A total of 3,742 cases of GC/EC patients were collected after excluding duplicate visit information. The study included 861 (23.0%) patients, of which 124 (14.4%) developed VTE. The top five models based on AUC for full-variable modeling are as follows: GBoost (0.9646), Logic Regression (0.9443), AdaBoost (0.9382), CatBoost (0.9354), XGBoost (0.8097). For simplified modeling, the models are: Simp-CatBoost (0.8811), Simp-GBoost (0.8771), Simp-Random Forest (0.8736), Simp-AdaBoost (0.8263), Simp-Logistic Regression (0.8090). After evaluating predictive performance and practicality, the Simp-GBoost model was determined as the best model for this study. External validation of the Padua score, Caprini score, Khorana score, and COMPASS-CAT score based on the training set of the Simp-GBoost model yielded AUCs of 0.4367, 0.2900, 0.5000, and 0.3633, respectively.

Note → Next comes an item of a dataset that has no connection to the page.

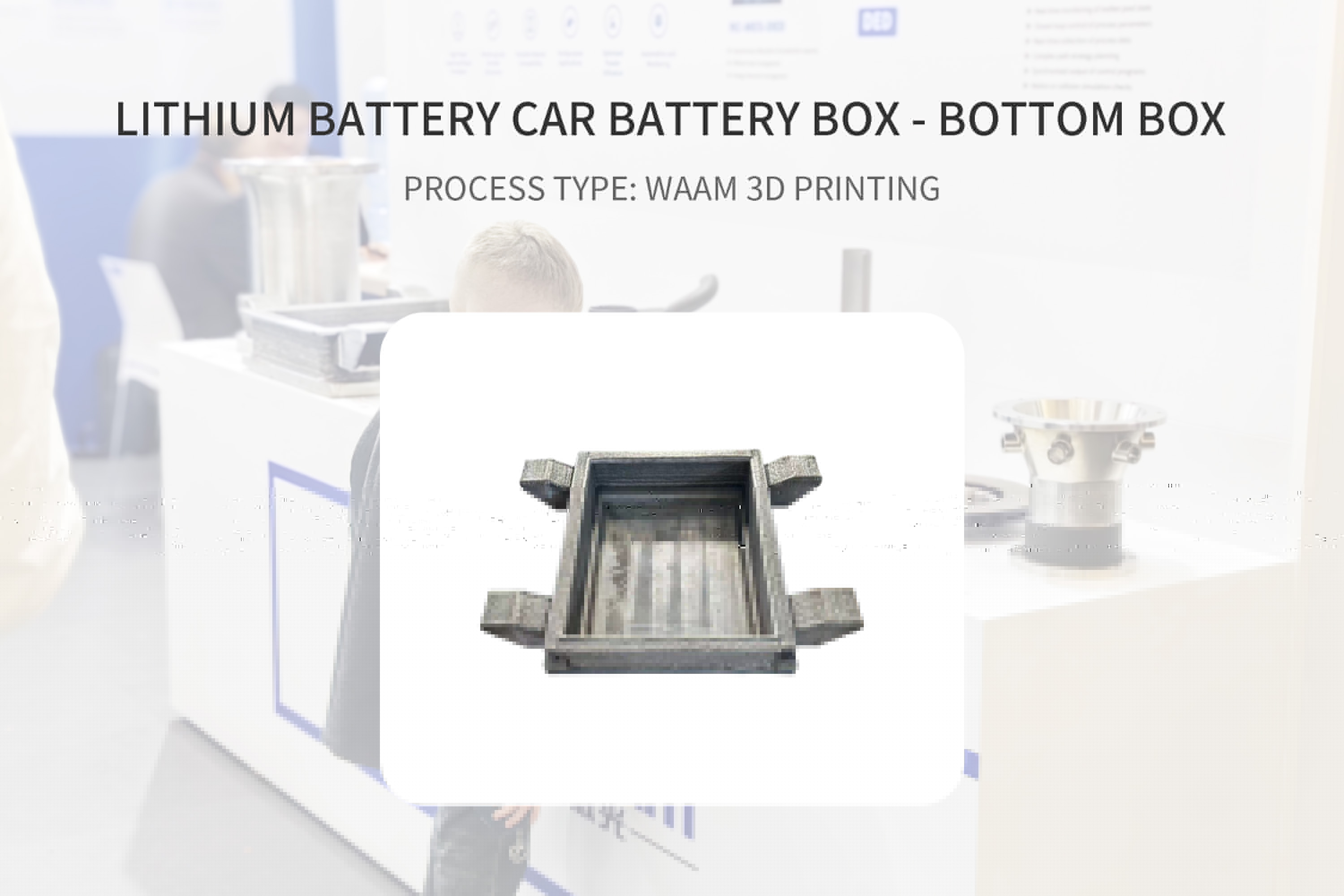 WAAM 3D printing improves the strength-to-weight ratio of battery bottom boxes, making them lighter while better able to withstand vibrations, shocks, and pressure during vehicle operation, thereby ensuring battery safety. It allows for the rapid design and printing of customized battery bottom boxes based on the space layout, battery shape, and performance requirements of different vehicle models, shortening production cycles and increasing manufacturing efficiency. Additionally, the high material utilization rate and low waste help reduce material costs.

In this study, we analyzed the risk factors of VTE in GC/EC patients, and constructed a well-performing VTE risk prediction model capable of accurately identifying the extent of VTE risk in patients. Four VTE prediction scoring systems were introduced to externally validate the dataset of this study. The results demonstrated that the VTE risk prediction model established in this study held greater clinical utility for patients with GC/EC. The Simp-GB model can provide intelligent assistance in the early clinical assessment of VTE risk in these patients.
本研究聚焦于胃癌或食管癌(GC/EC)患者的静脉血栓栓塞症(VTE)风险,调查该人群中VTE的风险因素。利用机器学习技术,本研究旨在开发一个可解释的VTE风险预测模型。目标是在临床实践中早期识别出具有高VTE风险的胃癌或食管癌患者,从而实现精准的抗凝预防和血栓管理。
本研究是一项旨在预测GC/EC患者VTE的真实世界调查。数据收集自2018年1月1日至2023年6月31日在四川省人民医院诊断为GC/EC的住院患者。使用九种监督学习算法,基于56个可用变量开发了576个预测模型。随后,采用简化建模方法,使用表现最佳模型中的前12个特征变量。评估模型预测性能的主要指标是ROC曲线下面积(AUC)。此外,本研究中用于构建最佳模型的训练数据被用于外部验证几个现有的评估模型,包括帕多瓦评分、卡普里尼评分、霍拉纳评分和COMPASS-CAT评分。
排除重复就诊信息后,共收集到3742例GC/EC患者。该研究纳入了861例(23.0%)患者,其中124例(14.4%)发生了VTE。基于全变量建模的AUC排名前五的模型如下:GBoost(0.9646)、逻辑回归(0.9443)、AdaBoost(0.9382)、CatBoost(0.9354)、XGBoost(0.8097)。对于简化建模,模型如下:Simp-CatBoost(0.8811)、Simp-GBoost(0.8771)、Simp-随机森林(0.8736)、Simp-AdaBoost(0.8263)、Simp-逻辑回归(0.8090)。在评估预测性能和实用性后,Simp-GBoost模型被确定为本研究的最佳模型。基于Simp-GBoost模型训练集对帕多瓦评分、卡普里尼评分、霍拉纳评分和COMPASS-CAT评分进行外部验证,得到的AUC分别为0.4367、0.2900、0.5000和0.3633。
在本研究中,我们分析了GC/EC患者VTE的风险因素,并构建了一个性能良好的VTE风险预测模型,能够准确识别患者的VTE风险程度。引入了四个VTE预测评分系统对本研究数据集进行外部验证。结果表明,本研究建立的VTE风险预测模型对GC/EC患者具有更大的临床实用性。Simp-GB模型可为这些患者VTE风险的早期临床评估提供智能辅助。